The responses have been overwhelmingly positive. Everyone wants to know my opinions on the state of the town. I am constantly asked what it was like to grow up here — and how I can afford to live here now.
The truth is that being a 23-year-old local who returns to town is like being a unicorn.
I have been intimately aware of Provincetown’s housing crisis from an early age — before I could really understand the economics of the market and the forces making it impossible for most families to live here. Throughout my time at the Veterans Memorial Elementary School, I had only six to eight classmates. When I was in fourth grade, the school committee announced that the high school would close, and in 2013 the last class of eight seniors graduated. During my sophomore year at Nauset High, my mother, Beau Fillion, and I managed to move into affordable housing.
Now I can see more clearly the conditions that are shaping the future of my hometown. The proliferation of lucrative short-term rentals is killing Provincetown’s vibrancy and soul. Its transformation into a vacation paradise for the ultrarich is robbing it of its depth and charm. I am saddened by the lack of diversity I see in the people who are now able to afford to live here. I am frustrated that people have been talking about fixing the problem for years, yet it has only gotten worse.
It is impossible to discuss the changes that we have witnessed without discussing short-term rentals. Rebuilding a year-round community here will require a 360-degree approach that involves much more than just the building of new housing.
These observations aren’t new or profound. I am only one of many who have described the issue. I am new, however, to learning about government actions that might start to reverse the damage. And I am angry because I was denied an opportunity to understand them more fully.
I went to town meeting on April 3 eager to hear more about warrant Articles 18, 19, and 20, which proposed new regulations on short-term rentals. Until I read about them in the March 16 issue of the Independent, I hadn’t realized they existed. What a terrible feeling, then, to have the conversation about them cut short.
The only discussion that was allowed following the motion to indefinitely postpone all three articles was about whether to even begin the conversation — and the vote on that motion killed all three articles.
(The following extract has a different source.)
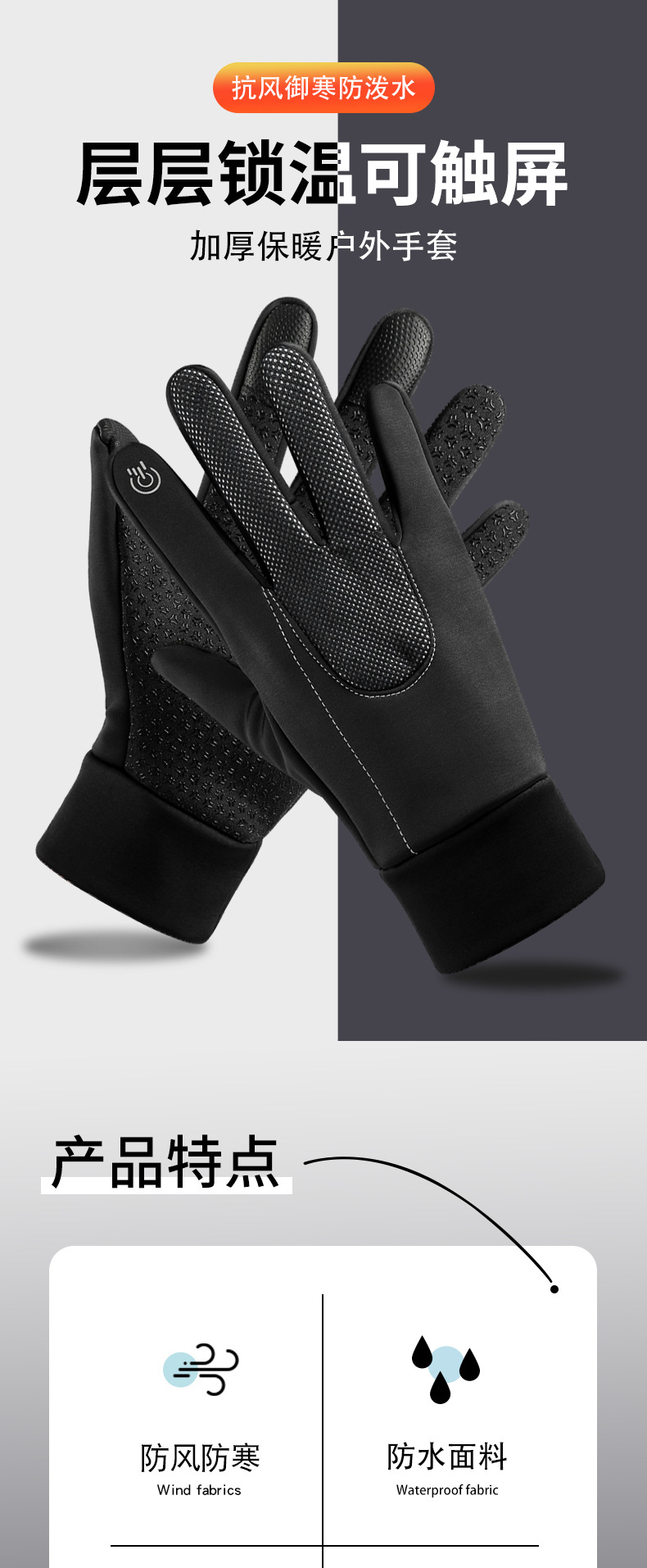 冬季保暖防风户外骑行手套男加绒加厚防滑防水可触屏运动手套批发

There would be no feedback on actual ideas for solutions and no chance to revise them.
My experience, and the experience of many others, wasn’t allowed to be heard. I walked out of the meeting feeling like my stomach was full of lead.
It has been devastating to watch my town become increasingly inaccessible for anyone who is not wealthy, grandfathered into family land, or extraordinarily lucky. I wouldn’t be here now if my mom hadn’t come to Provincetown as a broke young woman about my age.
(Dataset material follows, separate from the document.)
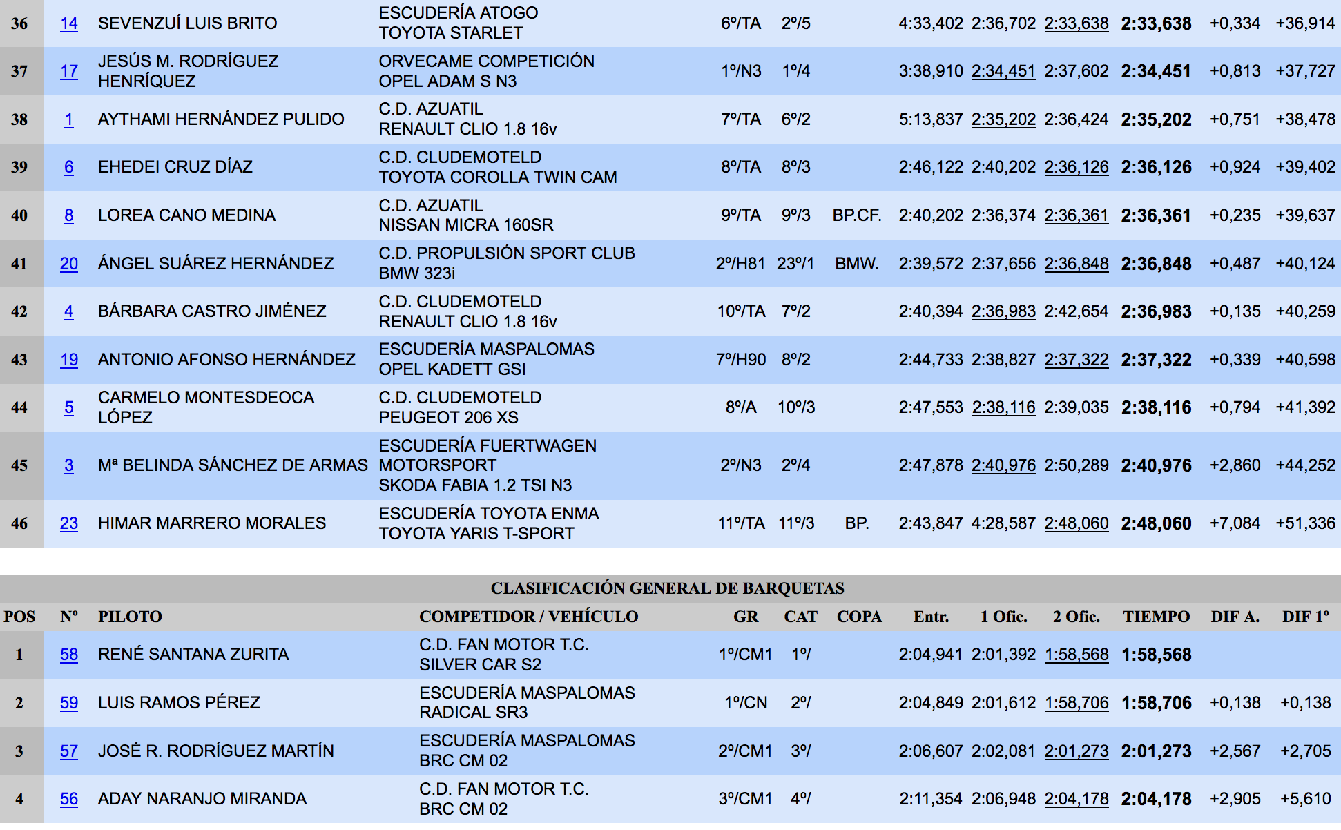 En el apartado de Barquetas los aficionados tuvieron que esperar al último segundo para conocer al vencedor de esta edición de la Subida de Arucas. René Santana y su Silver Car S2 pararon el cronómetro en 1:58.568, por el 1:58.706 de la Radical SR3 de Luis Ramos, es decir, apenas 138 milésimas de diferencia entre ambos. El podio lo completó la BRC CM 02 de José Rodríguez, a algo más de dos segundos de los más rápidos.

Provincetown is unlike any other place. I enthusiastically share it with anyone who wants to be here. It is my first home, and it’s the only one I have. Please remember that there is more to lose here than what we can measure in dollars and cents.
Emma Fillion graduated from Nauset Regional High School in 2018 and from Centre College in Danville, Ky. in 2022. She lives in Provincetown and is a member of the recycling and renewable energy committee and an alternate member of the conservation commission.